From Malcolm Rae's First Letter to Me

MAGNETO GEOMETRIC APPLICATIONS
3, THE HERMITAGE, WESTWOOD PARK, FOREST HILL, SE23 3QD ENGLAND
Telephone:- 01-699 6604

Partners:   Malcolm Rae
                  Margaret Belsham

25th January, 1979

Very many thanks for your extremely interesting letter, and for the tape which accompanied it.

With a vast quantity of more ordinary mail to deal with every day, I have very little time to devote extensive thought to individual concepts offered to me: but especially since you are employing an information-finding technique which, if I did not actually originate, I have employed specifically and intensely, I feel I should comment to the best of my ability.

So I have had to await a suitable length of probably uninterrupted spare time, for the first time available today.

I have not made any attempt to check the findings reported in your second paragraph radiesthetically - because the pattern is closely aligned with my own findings accumulated over the past two decades.

If I was not the originator of the use of a chart and a thesaurus to verbalise unexpressed concepts, I was a very early user of it - and I approve its use. I have spent many hundreds of hours employing it.

. . .

Malcolm Rae

Copy.

Comment

A few months earlier I had bought equipment from Mr Rae and then spent a Christmas on finding concepts that showed up to be very similar to what he had come up with over a period of 20 years.

I did more than that later. When Malcolm Rae died later in 1979, we had started collaborating on developing software that I later explored further on my own for years.

Invitation to analyse a medical doctors patients

Six years later, in the latter half of 1985, an internationally recognised medical doctor and author in Norway wanted me to analyse patients of his by use of several ◦MGA instruments and software. He had by then got a compendium of mental symptoms of remedies I had investigated so far, and liked it. He wrote among other things:

I was very pleased to have your very fine compendium. It cannot be done better. (?) . . .
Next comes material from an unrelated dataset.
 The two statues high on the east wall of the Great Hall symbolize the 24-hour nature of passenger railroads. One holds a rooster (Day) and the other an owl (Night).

As for cooperation! Can you devise some standard schemes that I can use, you will get . . . Norwegian crowns per sample. . . .
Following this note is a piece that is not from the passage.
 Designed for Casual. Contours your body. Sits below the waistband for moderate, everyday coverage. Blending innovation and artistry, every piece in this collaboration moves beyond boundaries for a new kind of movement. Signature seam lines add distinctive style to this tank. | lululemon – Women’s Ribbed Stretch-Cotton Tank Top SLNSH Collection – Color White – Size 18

Hearing from you soon . . . And, by the way, greetings from my good friend Jens H . . . too.

Dr Bjørn Øverbye [MD].

Comment

My main conditions did not allow me to follow up on the doctor's invitation. Yet, as time went by I found time to investigate people and remedies further, though, and ended up with lists of remedies and irregularities. Some of them are published on this site. There is very much more where it comes from.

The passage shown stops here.